Thursday 25 November 2021

Does Your Occurrent Thought About X Have a Spatial Location?


 

(i) Introduction
(ii) Location, Spatiality and Brain States
(iii) Can a Conscious State be Non-Spatial?
(iv) The First-Person (or Private) View on Conscious States
(v) Paul Churchland on Introspection and Neural States

The word “thought” is used in the following essay. That’s even though it isn’t a discussion of the semantic content of particular thoughts. It’s not about what thoughts are about either. (All that would bring up all sorts of other issues such as externalism, “the extended mind”, reference, sense, “you are not your brain”, etc.) Instead, this is a discussion of any occurrent thought. That is, it’s simply about the mental process of thinking a thought and how that thought (or thinking process) is embodied (if it is embodied) in — or identical to (if it is identical to) — a brain state.

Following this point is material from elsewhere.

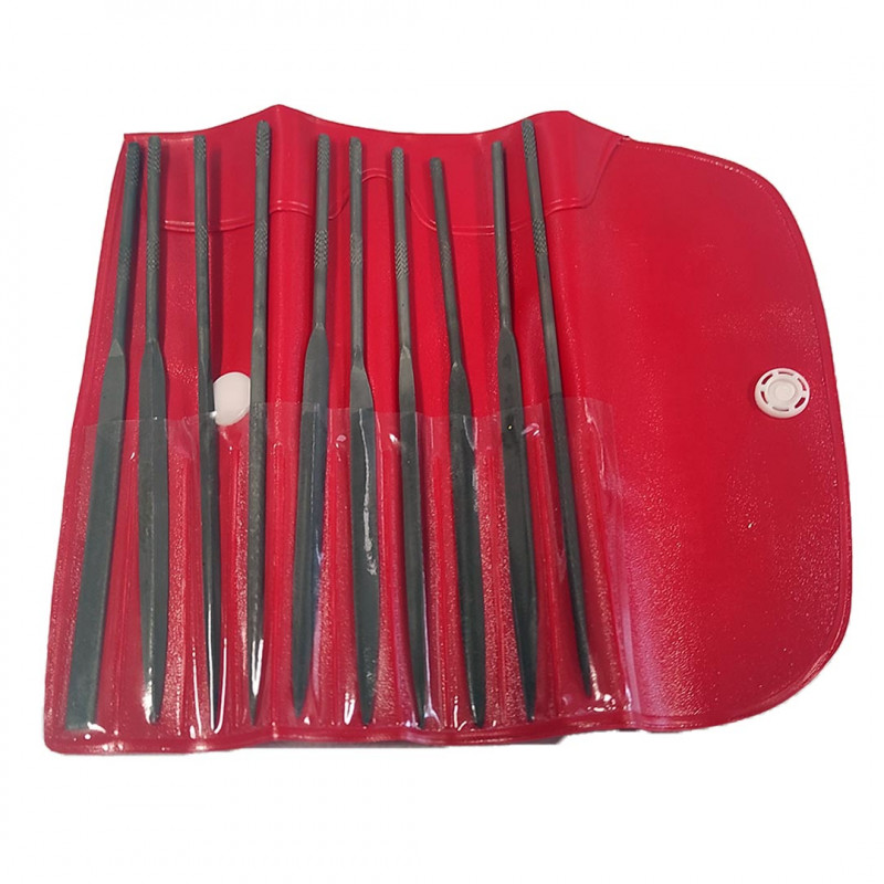 Assortment of 10 assorted fine files: round, square, triangular, finishing, half-round and flat.

To repeat. All this means that we can discuss an occurrent thought without being committed to any particular semantic (rather than purely philosophical) theory or position.

That said, some of the claims in the following may seem a little extreme. Specifically the central claim about thoughts being located in the brain.

The eliminative materialist Paul Churchland — who’ll be featured in this piece — believes that the Identity Theory and in his own eliminative materialism may well come across as extreme. But that doesn’t matter much to him.

For example, Churchland ties his overall eliminativism to his revolutionary stance on the use of everyday words in science. He writes:

“The ‘abuse’ of accepted modes of speech is often an essential feature of real scientific progress!”

He then applies that to the case of mental states and their location by continuing:

“Perhaps we shall just have to get used to the idea that mental states have anatomical locations [].”

Churchland also frequently relishes citing the fact that many new claims in science have been deemed to be extreme or perverse only in time to be accepted by most people. (Of course that’s not also to say that all extreme or perverse claims will in time be accepted by most people.)

Location, Spatiality and Brain States

When you move across a room, your occurrent thought about, say, the price of bread (as it were) follows you. That is, if you begin thinking about the price of bread at one end of a room and move to the other end, then you’ll still be thinking the same thought (or set of thoughts) in another spatial location. And that’s because your brain has moved along with (as it were) you. (See “You are not your brain”.) Thus that thought must occur within the head.

In the past, thoughts were placed in the heart (see here) and, in later periods, just behind the eyes.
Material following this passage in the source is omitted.